Transfer duty is payable on property transactions in NSW. It is administered by Revenue NSW.
Transfer duty is payable when you buy:
- Investment property
- Vacant land or farming property
- Commercial or industrial property; or
- A business, including land
This is relevant in a family law property settlement, when one party seeks to retain the family home, investment property or family business.
Transfer duty is payable in these circumstances as the party retaining the property or business is buying the other party’s share.
For example, a Husband and Wife separate on a final basis. They reach agreement that the Husband will retain the jointly owned family home and the Wife will be paid an agreed sum. The Husband will be liable to pay Transfer duty to Revenue NSW as he is buying the Wife’s share in the family home.
Section 68 of the Duties Act 1987 (NSW) allows for there to be an exemption from any Transfer duty payable if the property is transferred or sold to:
- Either party to the marriage or de facto relationship
- A child to the marriage or de facto relationship
- A Trustee of a child to the marriage or de facto relationship
This exemption is available whether you have separated from a marriage or a de facto relationship.

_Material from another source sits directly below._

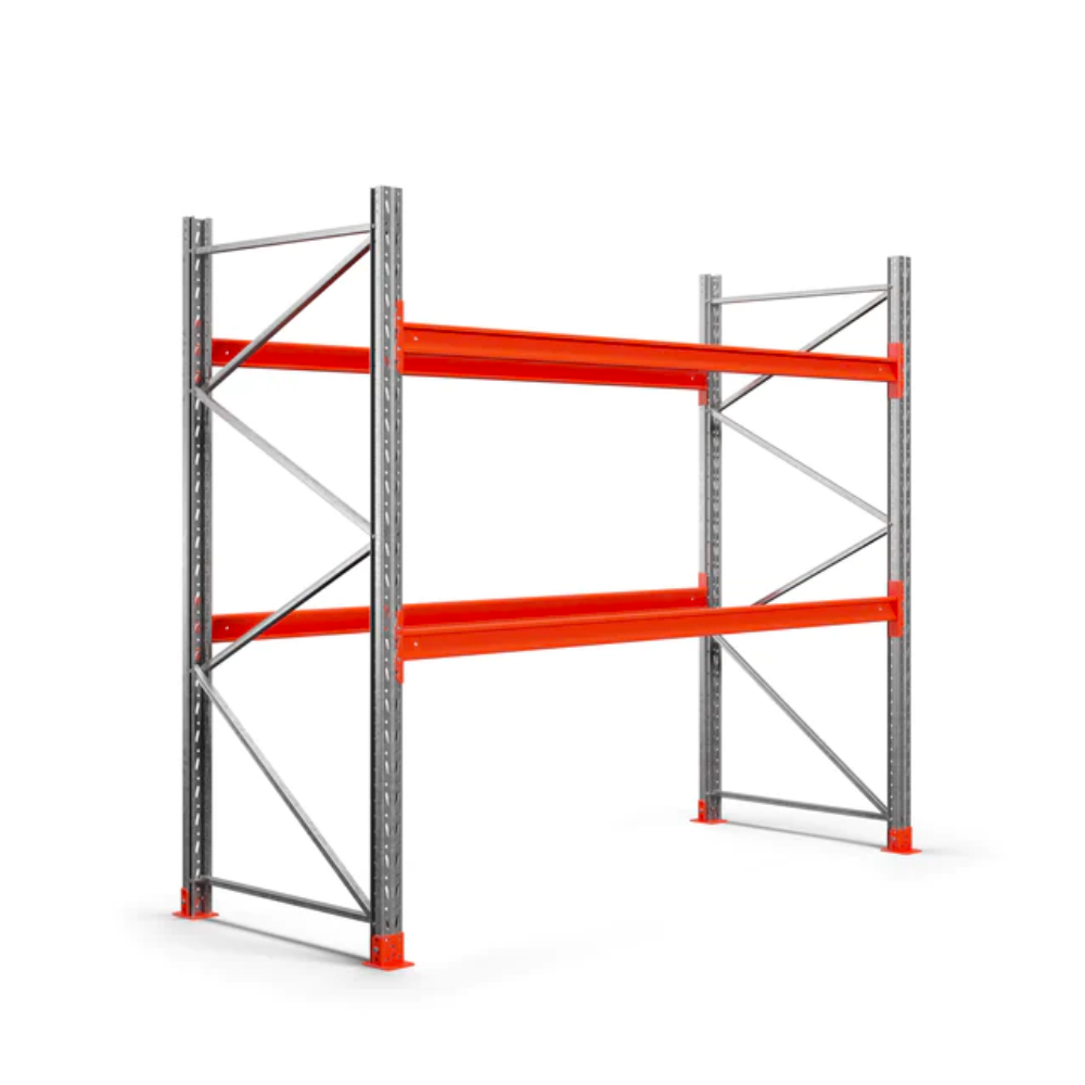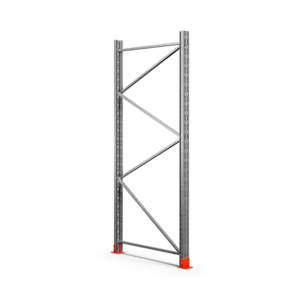 Gaveldel till ett pallställ från EAB. Gaveldelen är grunden i att skapa ett stabilt pallställ till ditt lager. Levereras komplett med stolpar, fotplattor, stag och skruvar. Om golvet är ojämnt kan du komplettera med nivelleringsplattor.

You will need to satisfy Revenue NSW that the transfer or sale is as a result of the separation of a marriage or de facto relationship. The common ways of fulfilling this requirement are:
- Consent Orders made at the Family Court
- Financial Agreement pursuant with the Family Law Act 1975
In the usual circumstances the cost of the preparation of these documents will be less than the Transfer duty that would be payable.